What to do | What is needed is every line from the one holding "今年夏天G/FORE與chi" to the last line of the data below, printed exactly and without pictures.

Available data |

#####

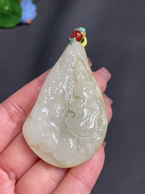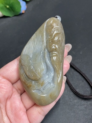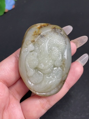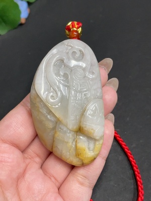 H30464017 Hetian Jade Handheld Carving Antique-style Piece with Additional Mineral Components Undetermined Skin Color Origin Total Weight Approx. [Including Rope] 115.4g
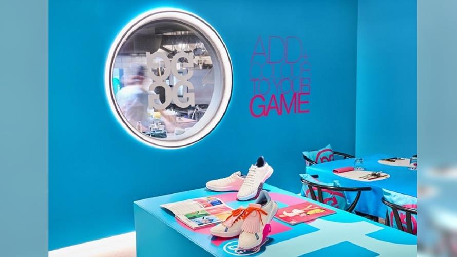 今年夏天G/FORE與chinois聯手打造期間限定的用餐環境及菜單,將雙品牌想傳遞的理念隱藏在每一個細節之中,讓消費者透過各種感官體驗,深刻感受「顛覆傳統」的品牌精神,期間限定的全新裝潢色彩絢爛,處處可見搶眼的水藍色搭配桃紅色,高飽和度的色彩創造視覺上的衝擊,更大膽將餐廳中島打造成一個巨大的G/FORE鞋盒,同時牆面上的新品主視覺也充分展露出G/FORE繽紛熱情的美式風格,顛覆大眾對高爾夫服飾及中式料理的想像!
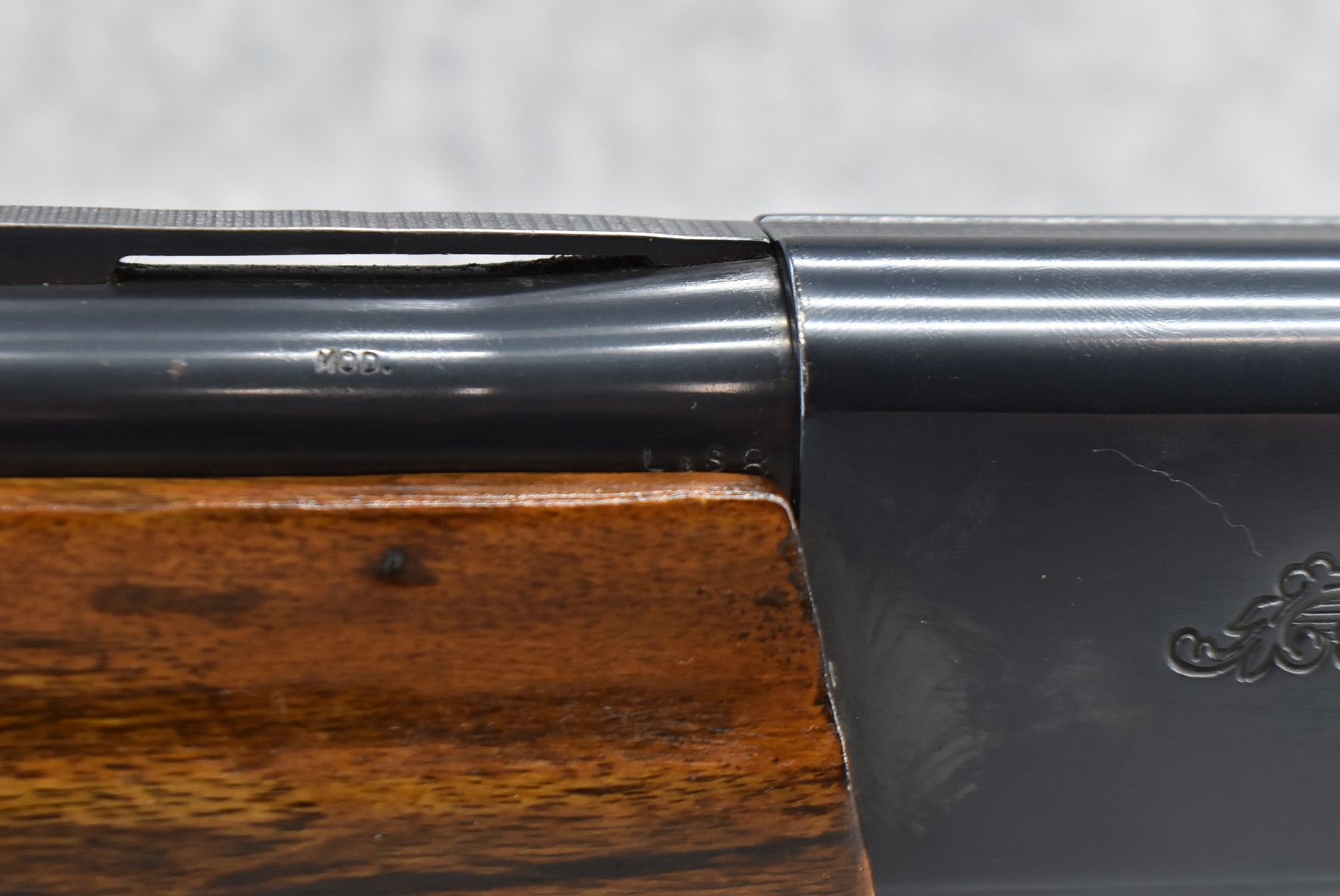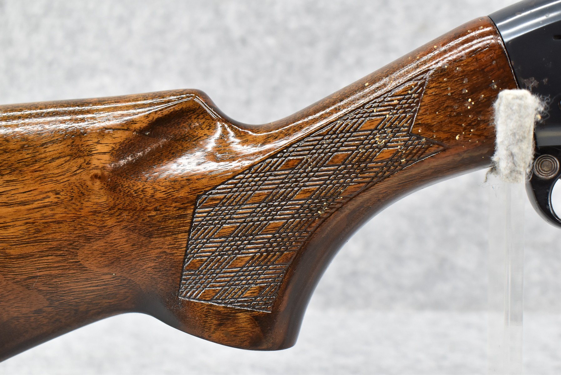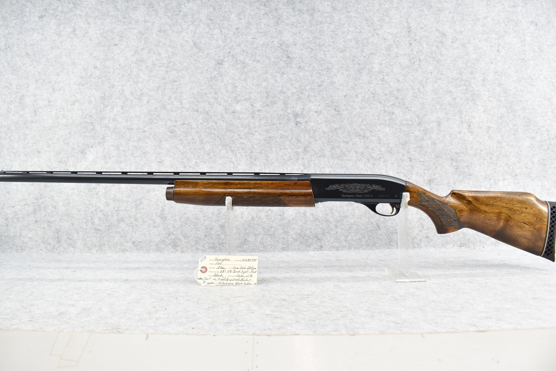 627R. Remington – Mod. 1100 – 12ga. Semi-Auto Shotgun – w/28” Mod. Choke, Vent-Rib Barrel w/Bead Sight – Blued Finish – w/Factory Enhanced Receiver on Both Sides – w/Custom Checkered Pistol Grip Wood Stocks w/Pachmayr Butt Pad

#####

Written solution |
 今年夏天G/FORE與chinois聯手打造期間限定的用餐環境及菜單,將雙品牌想傳遞的理念隱藏在每一個細節之中,讓消費者透過各種感官體驗,深刻感受「顛覆傳統」的品牌精神,期間限定的全新裝潢色彩絢爛,處處可見搶眼的水藍色搭配桃紅色,高飽和度的色彩創造視覺上的衝擊,更大膽將餐廳中島打造成一個巨大的G/FORE鞋盒,同時牆面上的新品主視覺也充分展露出G/FORE繽紛熱情的美式風格,顛覆大眾對高爾夫服飾及中式料理的想像!
 627R. Remington – Mod. 1100 – 12ga. Semi-Auto Shotgun – w/28” Mod. Choke, Vent-Rib Barrel w/Bead Sight – Blued Finish – w/Factory Enhanced Receiver on Both Sides – w/Custom Checkered Pistol Grip Wood Stocks w/Pachmayr Butt Pad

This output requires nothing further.